Many of the older photographs on this site were taken with an autofocus Pentax MZ-10 and its kit zoom lens, a reasonable entry level camera. This combination was quite cheap and light and was capable of good results, especially portraiture.
When both the camera and lens died, virtually simultaneously, and were declared to be either too expensive to repair or actually irreparable (in the case of the lens) in the short term I bought an old Pentax ME to mount the remaining few KAF lenses I had.
Longer term I decided to switch to Nikon, rejecting the idea of buying another modern plastic camera and bought a secondhand F3, the last manual focus Nikon professional camera. Which I hope will last for decades. I also renounced zoom lens, decided to walk more, and bought prime lenses instead; some second-hand, some new. Especially in black-and-white, it took me a while to cope with the generally greater contrast of these lenses. Now I generally under-rate a film by a 1/3 of a stop and pull the development a little.
The medium format images have been taken with a Bronica SQ-Ai in the belief that this would lead to greater quality and more consideration which it generally does. Medium format certainly slows you down, I know that's often said and it was true in my case and in fact it's slowed down the rate that I shoot 35mm film too. This camera gives a 2¼" square negative which makes a change from the classic 135 format 3:2 proportion.
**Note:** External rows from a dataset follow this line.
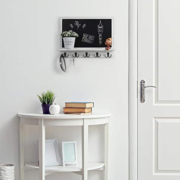 Grey White Wood Wall Mounted Entryway Chalkboard Sign with Display Shelf and 5-Dual Metal Key Hooks
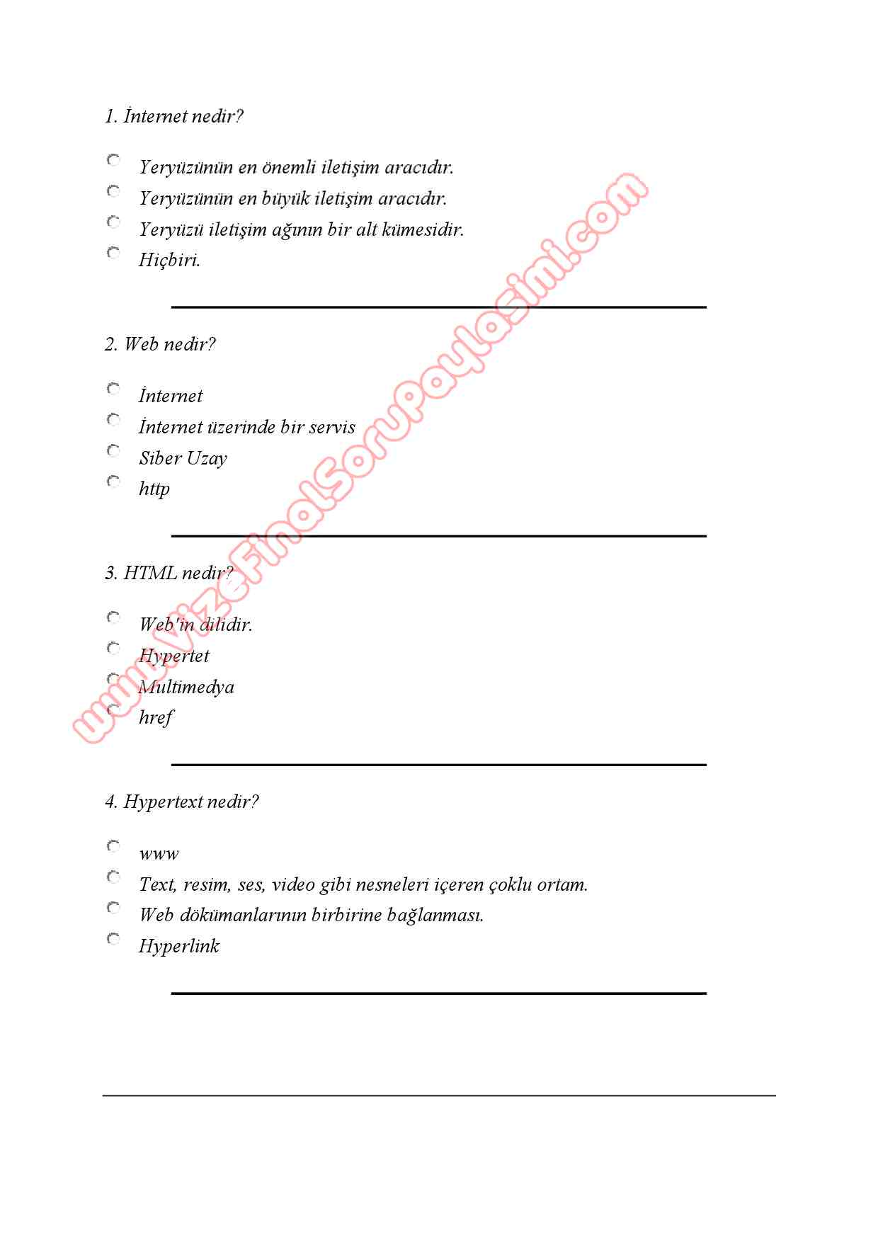 İnternet Programcılığı -1 Test Soruları 31-07-2015, 23:23
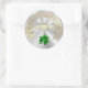 Cent mille bienvenus (mille mille de défaut) est le message transmis sur une bannière d'or avec un Claddagh sur cet autocollant rond. Sous la bannière se trouve l'image d'un beau shamrock émeraude. Voir confettis assortis, sac de faveur, étiquette de faveur et papier d'emballage. Voir l’ensemble de la collection d’autocollants de la Saint-Patrick aux INVITATIONS | Section Stickers & Étiquettes.
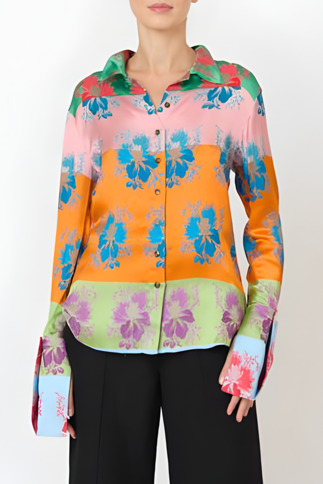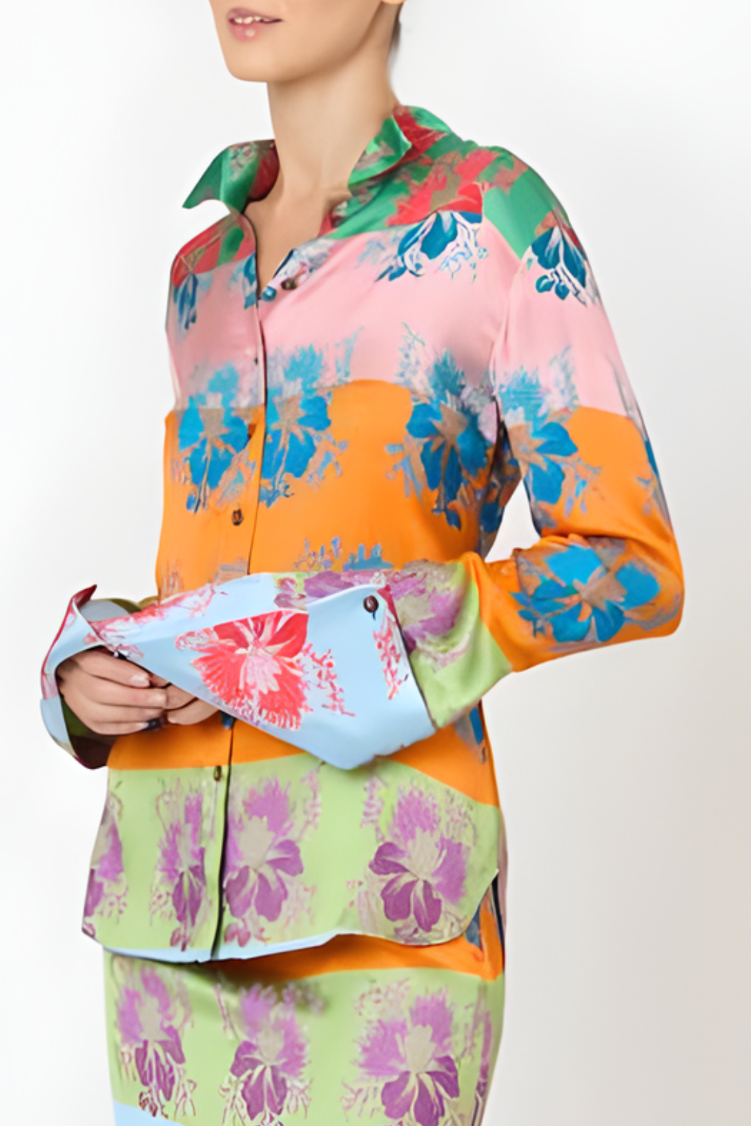 Sharp cuffs and a clean button front keep the structure grounded, letting the silk do the talking. Polished yet playful, it is the kind of piece that turns dressing into an art form rather than a routine.
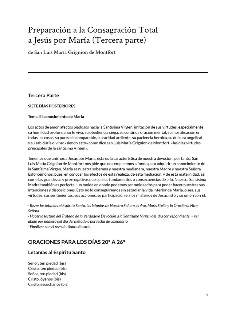 · Hacer la lectura del Tratado de la Verdadera Devoción a la Santísima Virgen del día correspondiente – ver
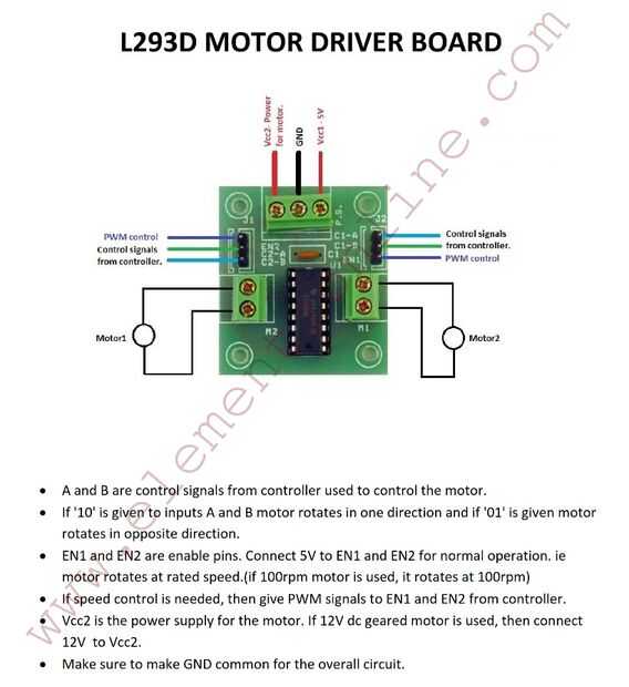 Para conectar las tablas L293 D motor como pi, harían falta alambres de puente. Ahora Conecte el motor al l293 como se muestra en imagen. Pin PWM conectar 5V de la pi (podremos usar PWM para variar la velocidad del motor, pero ahora mantendría alto)

I use it with the waist level finder only, which again makes for a change in how the camera is used and how you compose. It also made me appreciate more the ease of use of a, relatively, compact 35mm SLR. Something which seems to have been forgotten with modern professional cameras, film or digital.
The great majority of the black and white film I've taken has been on HP5+. I've experimented with the newer technology films as well as more specialist ones, but ultimately I prefer HP5's tonality and quality. Its flexibility means I have used it most of the time. You can expose it at anything between 200 ASA to 1600 and develop it in pretty much anything. Most recently I've settled on Kodak T-MAX but in the past have used most of the Ilford developers and found them to be perfectly satisfactory. HP5+ and T-MAX gives good shadows and reasonable grain, although I don't object to grain.
For a long while I used almost exclusively black and white, shooting colour really only for snaphots until I started using medium format, since then I've vacillated between the Kodak Portra and Fuji 160 films. Can't decide which I prefer.
I print both black and white and colour. Over the years I've used a few public darkrooms; at college in Bath, at f-stop (Bath) and at the RPS (again, Bath). Since moving from Somerset, I've been a member of Photofusion. They've got the best public facilities I know of and is frequented by clever and helpful people if you want to chat and swap ideas.
When I was studying A-level in Bath, split-grade printng was demonstrated, in a rather simple and mechanical way and although I tried it I didn't see any benefit at the time over printing at a single grade. More recently I was given as a present a copy of a book entitled Way Beyond Monochrome by Lambrecht & Woodhouse, which contains some very good chapters on split-grade printing. I also stumbled across an interesting article by Les Mclean. These both inspired me to try again, properly.
Colour printing is made harder because I'm colour blind, although I have done incredibly badly in colour-blindness tests, in everyday life it hasn't been such a problem, but it is obviously a handicap when it comes to identifying a colour cast in the darkroom. Sometimes I ask the opinion of other darkroom users or, since I can usually tell whether a print is too warm or too cold, I print in all the principle "warmer" or "colder" directions and am usually then able to see which direction is removing the veil of the colour cast.
For black and white I have always used Ilford Multi-Grade IV, work prints and prints for scanning on resin-coated and exhibition work printed on fibre-base. Fairly recently I've started selenium toning prints for longevity and to increase the maximum black of fibre prints.
Regards colour papers I usually use the Kodak portra papers for the choice of contrast that the range of papers gives.
Some of the images illustrating articles were taken with digital cameras, but I don't own one myself. Every image in the gallery's a scan of a silver print. I enjoy the magic of a darkroom too much to make much more use of digital methods than that, it's convenient.